Ethel further argues that microorganisms are as important and necessary to human life as those found elsewhere in nature, therefore, they cannot possibly cause diseases.
But if what Ethel says is true, why are we all obsessed with implicating “innocent” microorganisms? She stands that the vast majority of scientists till date have been misled and blindly uphold the germ theory. However, the germ theory rests on the shoulders of Koch’s postulates. As we have seen, Antoine Bechamp seemed to have dismissed the germ theory on the premise that the presence of microorganisms was correlative and not causative. On the other hand, Robert Koch gave very concise steps to ascribe a microbe-disease causal relationship. The logic behind it, in our day, may seem pretty much intuitive. It is from Koch’s postulates that we are able to arrive at specific pathogens — say SARS-Cov-2 — for infectious diseases. What Ethel fails to do is to offer a refutation for Koch’s postulates.
Another mistake Ethel makes is she leaps to say no microorganisms are harmful. Quite right, there is a plethora of microorganisms that are useful to us — and the biosphere at large. Azotobacter and Rhizobium, for example, are important genera of free-living soil microbes that fix nitrogen for plants — I need not go into the mechanism of nitrogen fixation and why plants need nitrogen. Indeed, we have a plethora of microorganisms that live in our digestive tracts. These make up what is known as the gut microbiota. However, these harmless microorganisms do not absolve V. cholerae of its role in cholera. If anything, in a biosphere filled with so much diversity, it should not come as a surprise that other microorganisms harm us. I think of Ethel’s logic sounding more like ‘This species of mushroom is edible. Therefore, all species of mushrooms are edible’. Imagine where we would be if Alexander Fleming denied that the fungus penicillium killed his bacterial culture because all fungi are useful, not harmful.

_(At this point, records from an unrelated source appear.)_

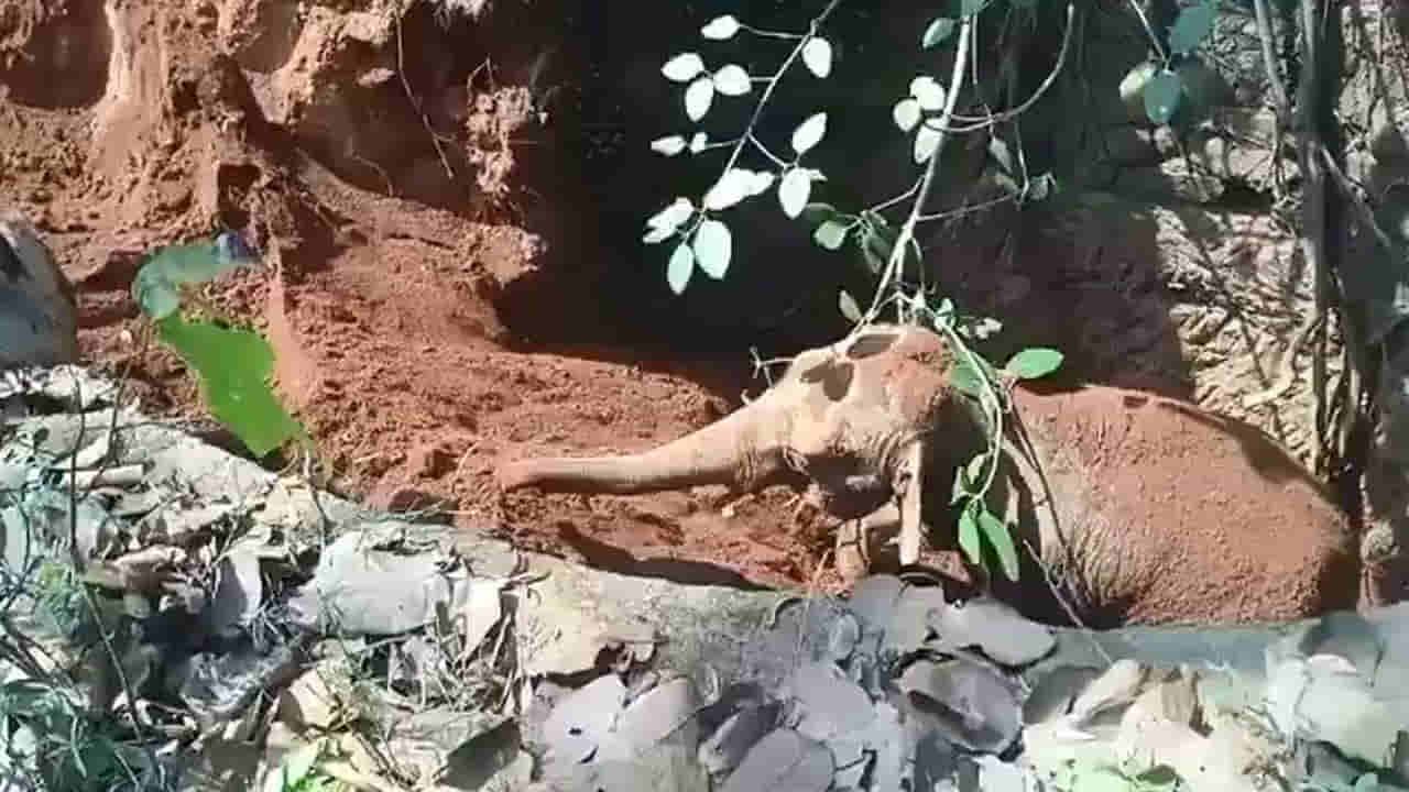 #WATCH | An elephant calf shows gratitude after it was rescued from a mud pit in the forest area by the personnel of the Forest Department in Gharghoda, Raigarh
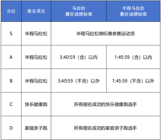 组委会依据选手在2023年1月1日至2025年8月24日期间,参加的中国田径协会可查询的马拉松项目或半程马拉松项目的最好成绩作为分区依据。详细分区安排如下:
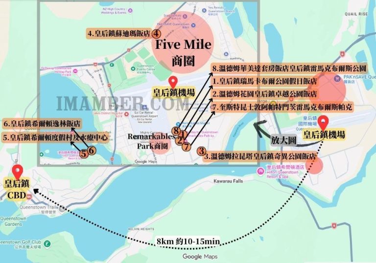 皇后鎮機場附近住宿主要集中在同一區域(Frankton),彼此之間距離其實不遠,差異主要在使用情境。
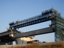 支間や桁高が比較的均一に計画された大規模な都市内高架橋の建設には、これまでは工場製作プレキャストセグメントを1支間ごとに一括して架設するスパンバイスパン(Span by Span)工法に代表されるプレキャスト工法が、高品質化や工期短縮などの点で有利であると考えられてきました。
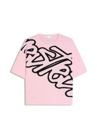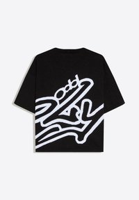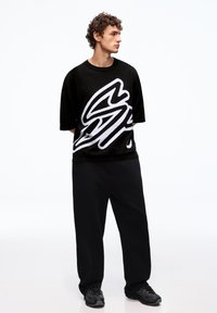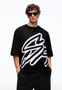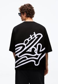 Giovane uomo con capelli ricci, occhiali da sole neri e una camicia nera oversize con un audace motivo astratto bianco, mani nelle tasche, sfondo neutro.
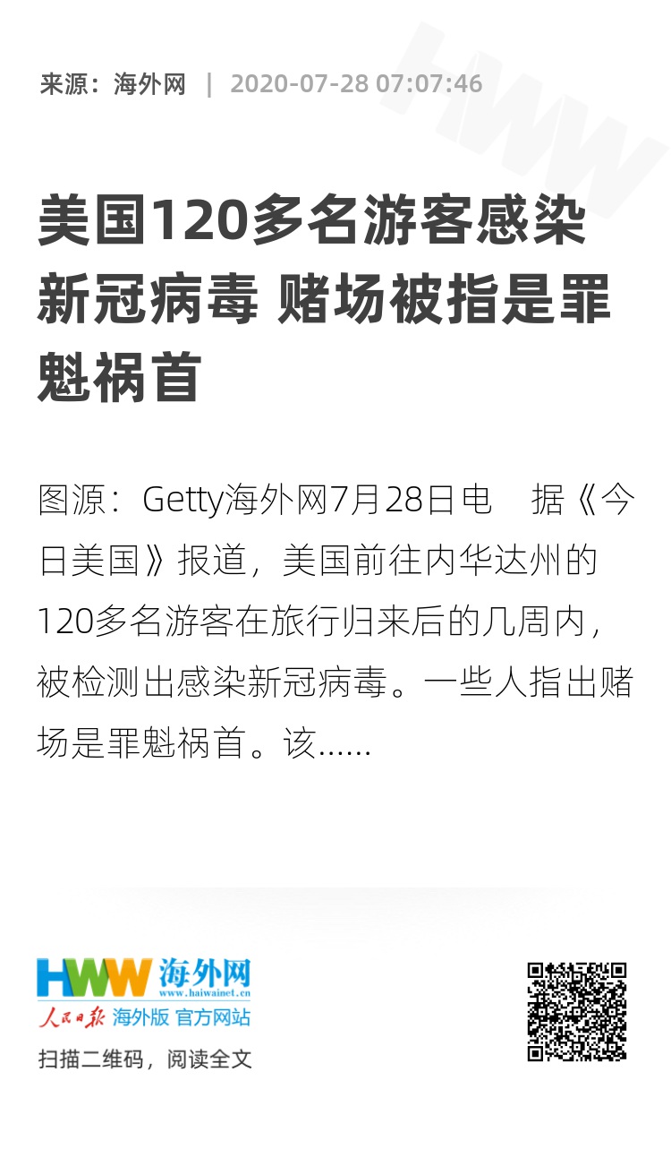 海外网7月28日电 据《今日美国》报道,美国前往内华达州的120多名游客在旅行归来后的几周内,被检测出感染新冠病毒。一些人指出赌场是罪魁祸首。该州的赌场于6月4日重新开放,州长史蒂夫·西索拉克希望通过游客回归来振兴拉斯维加斯的经济。

As if this is not enough, Ethel fails to refute why we even have white blood cells. In a biosphere filled with evolutionary arms races, it is very explicable why we would evolve such specialized cells. She opines that leukocytes are not living tissue but rather waste or refuse in the process of elimination. She further states that leukocytes cannot actually be the body’s defense because the more of them there are the less the body seems safeguarded. In my opinion, I think Ethel is under the illusion that life is supposed to be perfect, i.e if the leukocytes are meant for defense, they should not attack the same body they are trying to defend. A simple look at autoimmune diseases, of course, easily refutes her conclusions. Life is much more complex and cannot be reduced to such simple axioms. More so, leukocytes cannot possibly be refuse because we have a firm understanding of how they are generated.
My interlocutor drove home the point that he does not trust modern medicine because it is benchmarked on the supposedly fraudulent germ theory of disease. He denies that SARS-Cov-2 causes COVID-19. He implored me to look at the data given by Ethel Hume and be baptized into the microzymian doctrine.
Alas, the only thing I walked away with from Ethel is that, instead of disproving the germ theory of disease, she spent a great deal slinging ad hominems at Louis Pasteur. Unfortunately, I have come to learn that there are many others who tout that Ethel effectively demolished the germ theory of disease. Theories, indeed, are never absolute, but if one wants to disprove the germ theory of disease, they better begin with the refutation of Koch’s postulates and later reasonably dismantle a slew of biological disciplines.